Never the less you do not have any SDR-Sticks out there with given
sensitivity nummbers. Even the more expensive devices like HackRF and
all the Ettus Research devices are not "measuring" some RF field
strength. All you get is somehow a resulting numeric factor of how
good the SDR can detect some signal. The sensitivity does vary widely
over the frequency ranges of this devices and it is by no means really
directly proportional to some RF power or even a voltage at the
antenna port or your antenna. You may to some degree use SDR-Sticks or
devices like HackRF, USRP's and so on for qualitative informations
about a radio signal, but it won't tell you anything about the real
power of a signal, as opposite to RF measurement systems! With all my
devices (ranging from RTL2832 based sticks over HackRF and others) you
get jumps in signal strength when you do a full band power scan. This
happens for example, when the SDR hardware switches to some other
oscillator setting. All of my devices can do a full band scan of at
least 1 GHz or even more, but none of them can do it by just stepping
up the Synthesizer PLL without for example using harmonics of the base
PLL Frequency for mixing down to the IF band or Baseband. And for each
time switching to another harmonic you get signal strength jumps. And
with each other PLL frequency you might get other mixing products,
ghosting from other frequencies and so on. So, the kind of SDR we
refer to here can not give any numeric factors to RF power nor RF
voltages. It is just a numeric value, somehow more or less
proportional to the quality the SDR can receive the signal. No units,
no absolute values at all.
Regards
I'll repeat this again, because you clearly didn't "get" it. The
numbers coming out of the signal-processing chain are
*linearly proportional* to the instantaneous (as in at the moment the
sample was taken by the ADC) voltage as seen
at the antenna input to the receiver. This says *NOTHING* about the
antenna itself, nor whatever cabling and other
bits-and-pieces are between the receiver input port and the antenna.
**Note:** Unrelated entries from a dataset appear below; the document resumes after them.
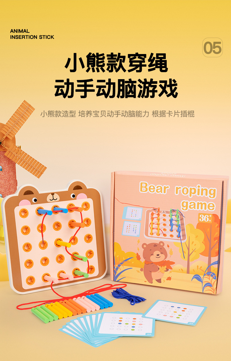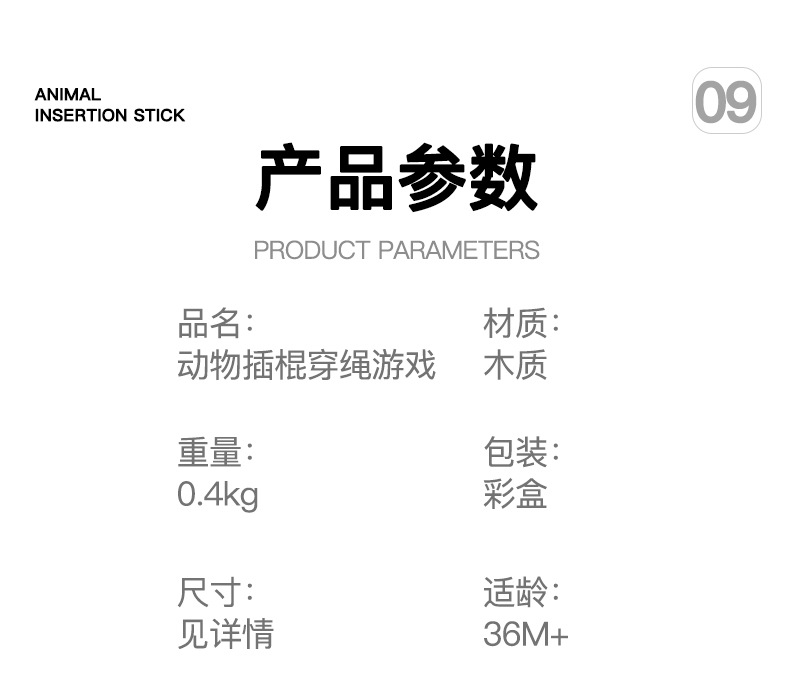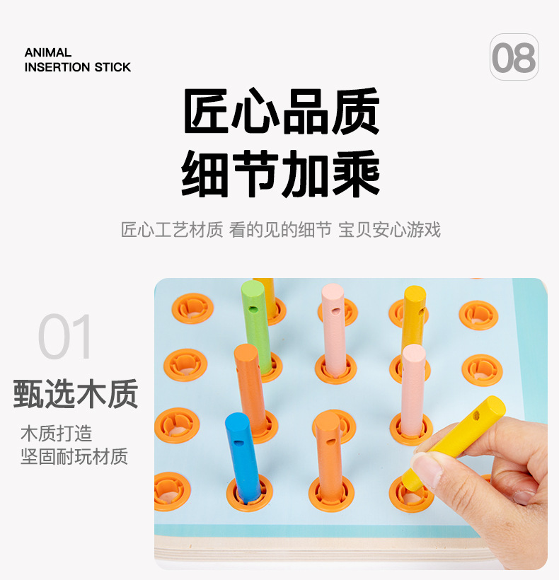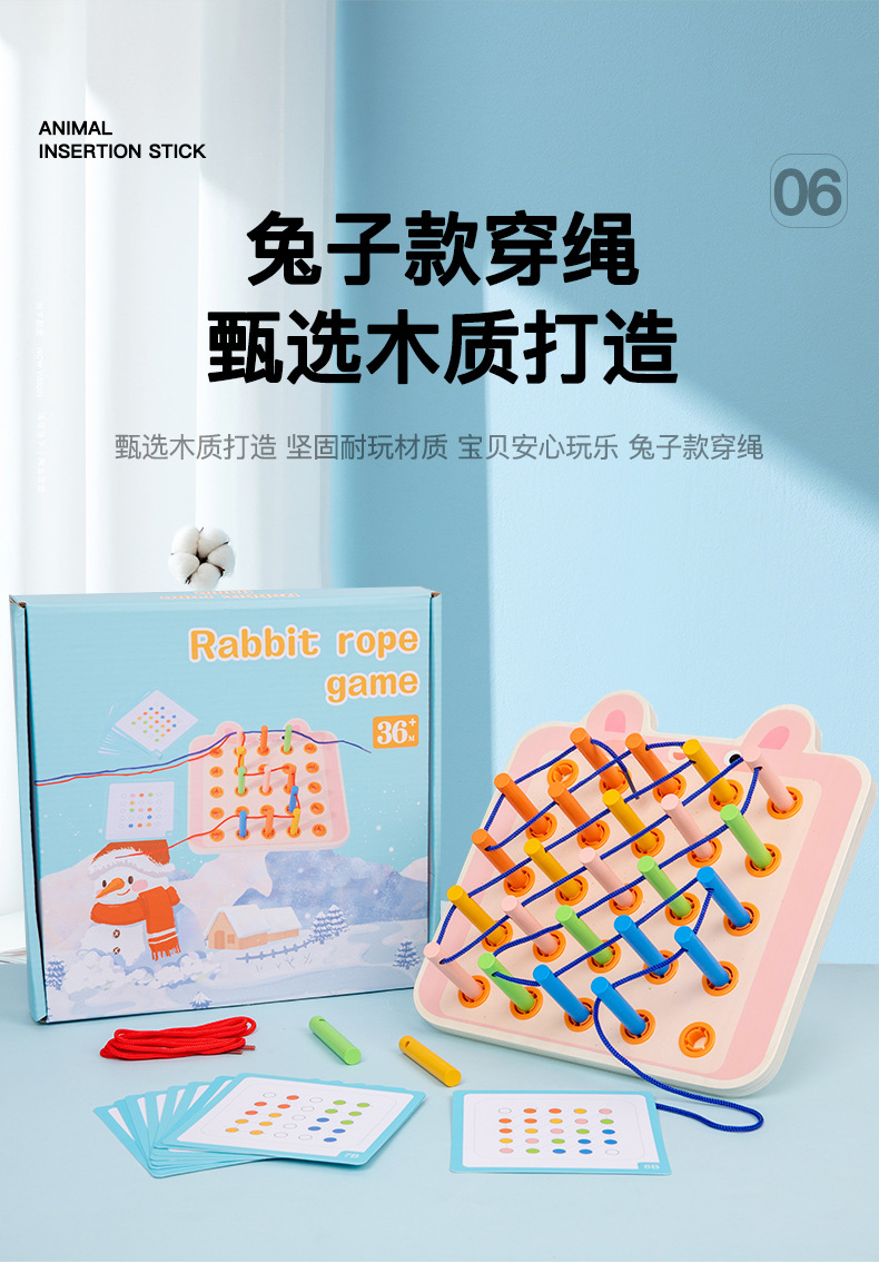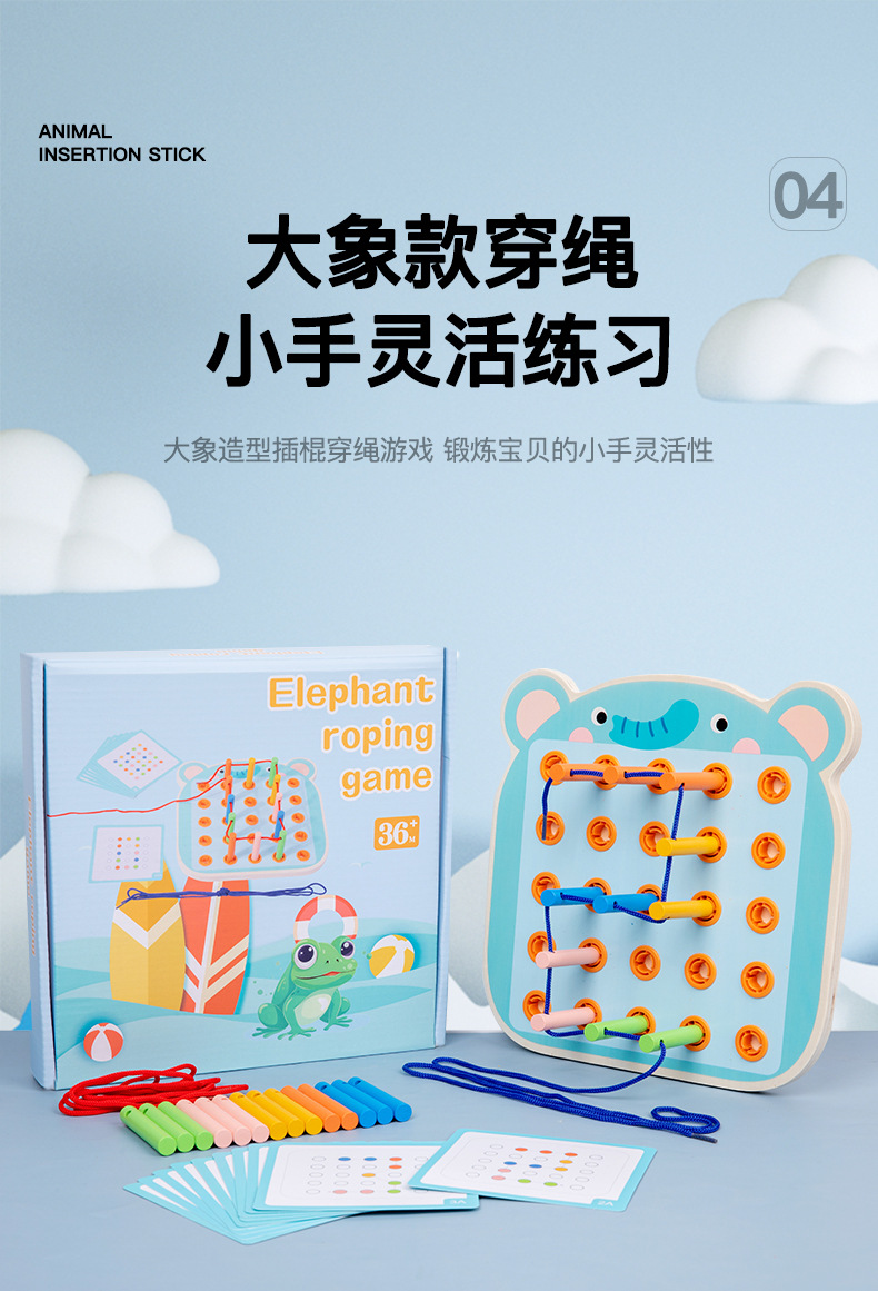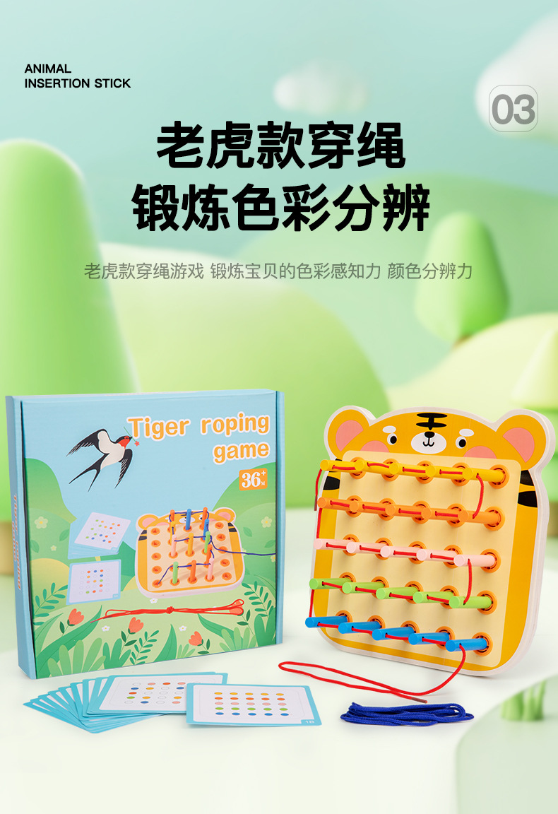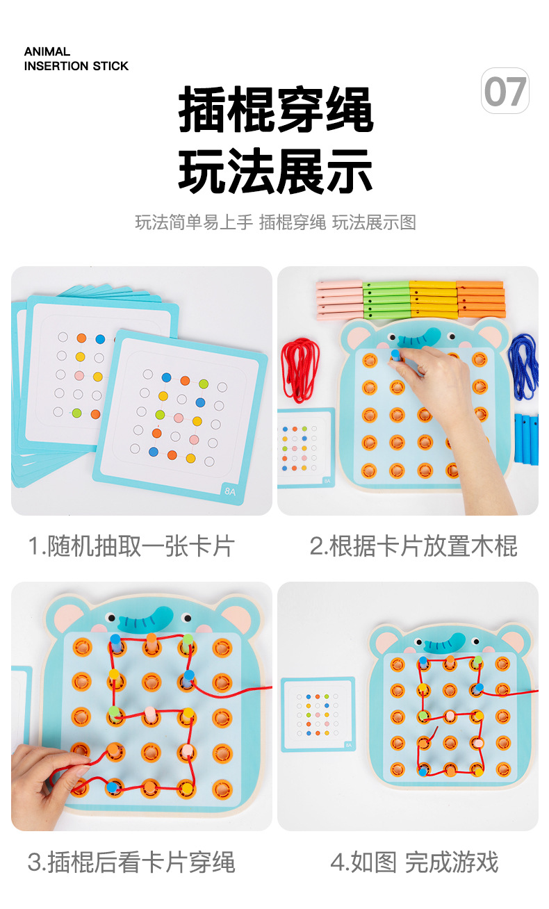 儿童木质动物穿线板幼儿园宝宝早教穿绳游戏精细动作感统训练玩具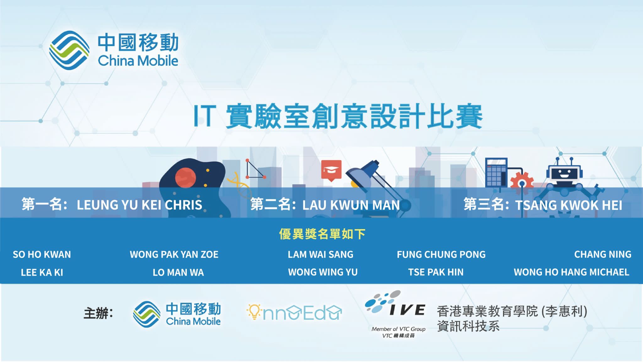 中國移動香港與資訊科技教育領袖協會合辦,聯合 InnoEdu 及香港專業教育學院(李惠利分校) 共同打造「IT 實驗室創意設計孵化計畫」。是次計畫順利完成,承蒙香港專業教育學院(李惠利分校)及香港專業教育學院(屯門分校)資訊科技系「數碼媒體(榮譽)理學士學位」課程的同學及老師鼎力支持,成功為 20 間學校免費提供度身訂造 IT Lab/ STEM 室內設計方案,為師生帶來新的教學體驗,鼓勵學生在 IT Lab/ STEM 方面發揮潛能。
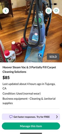 Hoover Steam Vac & 3 Partially Fill Carpet Cleaning Solutions $65Tujunga, CA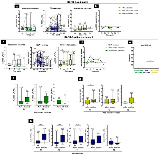 3.3. Anti-RBD IgA Kinetics Elicited by Different Vaccine Platforms in SARS-CoV-2-Naïve Individuals and in Those with Pre-Vaccination History of SARS-CoV-2 Infection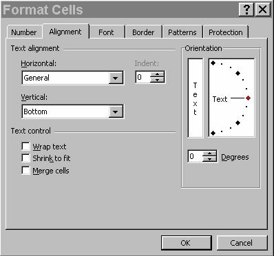 Top - pentru a alinia continutul celulei la marginea superioara a acesteia ;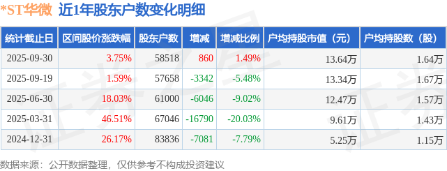 从股价来看,2025年9月19日至2025年9月30日,*ST华微区间涨幅为3.75%,在此期间股东户数增加860.0户,增幅为1.49%。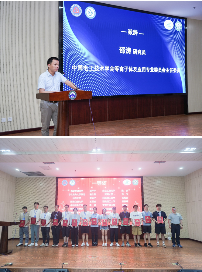竞赛颁奖仪式暨学科交叉论坛于8月14日上午在武汉大学信息学部图书馆报告厅成功举行。武汉大学电气与自动化学院副院长何怡刚教授代表承办单位致欢迎词,何院长支持所有参赛队伍在决赛的优异表现,不仅展示了出色的科技创新能力,还体现了当代大学生探索科学的热情与勇气。在科技飞速发展的时代背景下,交叉学科已成为推动科学技术突破的重要途径,希望本届学科竞赛活动能够激发更多青年学子对等离子体科学的热情,培养学生的学科交叉创新能力,加强高校和科研院所人才培养与国家需求的有效衔接,促进等离子体与环境保护、低碳能源、先进制造、高压输变电、高能物理等领域的深度融合与协同发展。
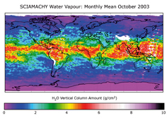 monthly mean of gridded SCIAMACHY water vapour columns for October 2003.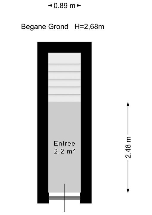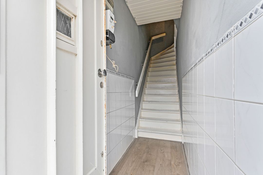 entree op straatniveau; hal met meterkast (elektra 7 groepen + ALS) en trapopgang naar de 1e verdieping: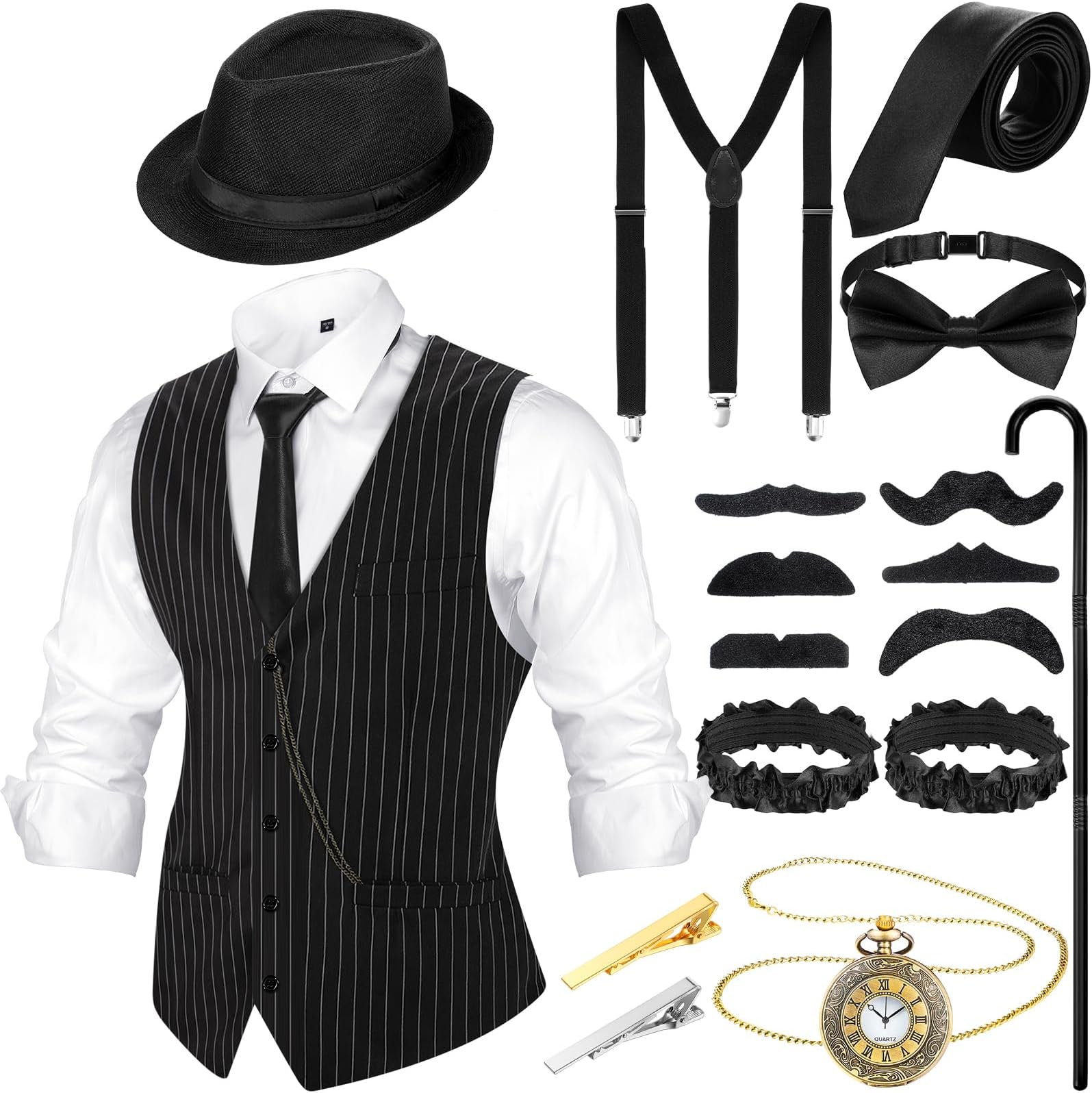 1920 gangster attire Clearance, CHUANGLI 1920S Mens Great Gatsby Accessories Set Roaring 20s 30s Retro Gangster Costume Clearance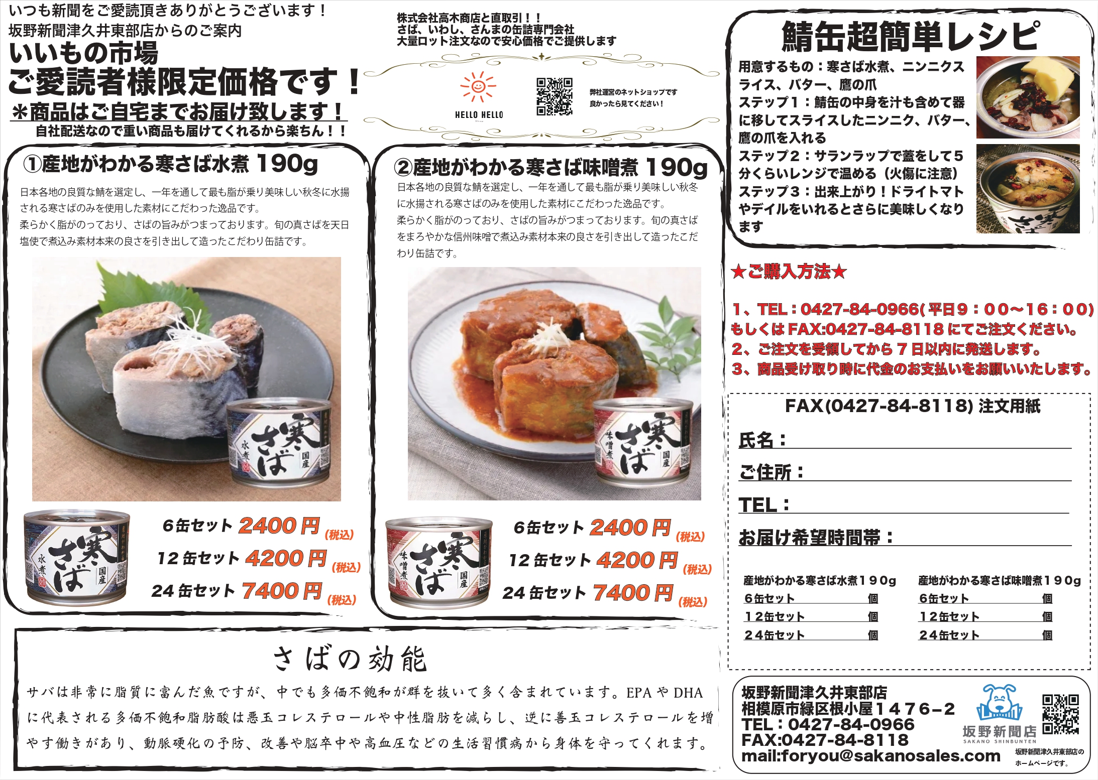 物販のご案内 2024 10/11 お知らせ 2024年10月11日 日頃よりお世話になっております。 物販のご案内です。 いいもの市場ではいい商品をメーカーと直接取引をさせてもらって販売をしております。 よろしくお願いいたします。 共有: Facebook で共有するにはクリックしてください (新しいウィンドウで開きます) Facebook クリックして X で共有 (新しいウィンドウで開きます) X いいね:いいね 読み込み中… 関連 お知らせ よかったらシェアしてね! URLをコピーしました! URLをコピーしました! 2024年4月22日読売サロンコンサートイン海老名開催します! 物販-鯖缶シリーズ この記事を書いた人 sakano 関連記事 2025/7/31日付けの東京新聞、農業新聞、工業新聞、朝日小学生新聞未着のお知らせ 2025年7月31日 悪天候の影響による配達遅れについて 2025年2月1日 2025年1月登録制古紙回収のご案内 2025年1月14日 大事なお知らせ 2024年10月25日 物販-鯖缶シリーズ 2024年10月12日 2024年4月22日読売サロンコンサートイン海老名開催します! 2024年4月18日 宝くじ購入代行のお知らせ 2023年9月23日 古新聞回収強化月間のお知らせ! 2023年9月5日 コメント コメントする コメントをキャンセルコメント ※ 名前 ※ メール ※ サイト 次回のコメントで使用するためブラウザーに自分の名前、メールアドレス、サイトを保存する。

YES, the calibration constants will, absolutely, vary over the
tuning/bandwidth/sample-rate capabilities of the receiver.
But if they *ARE NOT* linearly-proportional (or mostly-so) to the
instantaneous antenna-*PORT* input voltage, then we
might as well all go home.
The samples that arrive into your flow-graph aren't some handy-wavy
random thing that kinda-sorta represents the
real world. They are very-definitely a *linear proxy* for the
instantaneous voltage as seen at the antenna input port
at the time that it was sampled. Again, if they aren't very close to
this, then we might all just as well go home and
take up basket-weaving.
What IS true about actual laboratory measurement instrumentation is that
such instrumentation is *calibrated* over
it's operating range (in as many steps as seems reasonable) to
produce results that are directly-tied to physical units.
You can do EXACTLY THE SAME THING with even a cheap receiver like the
RTL-SDR, HackRF, USRPs, LimeSDRs, etc, etc.
In fact, USRPs (some of them) now have a *CALIBRATION INTERFACE AND
API* that allows you to use them in the
same way as you can use a laboratory instrument.
In MANY actual cases, you'd like your radio to be calibrated over some
much-smaller range of its operating parameters--
you'll be using it for perhaps a single application, where
understanding what is appearing at the antenna input ports
in terms of power or (by a bit of simple math, voltage) may be important.
In MY case, I calibrate in degrees-K of noise power, because that's
relevant to my usage of these types of radios for
radio astronomy.
Your post makes it seem like SDRs are delivering samples that bear only
the weakest relationship to the physical world,
and that just isn't true. IT CAN'T BE.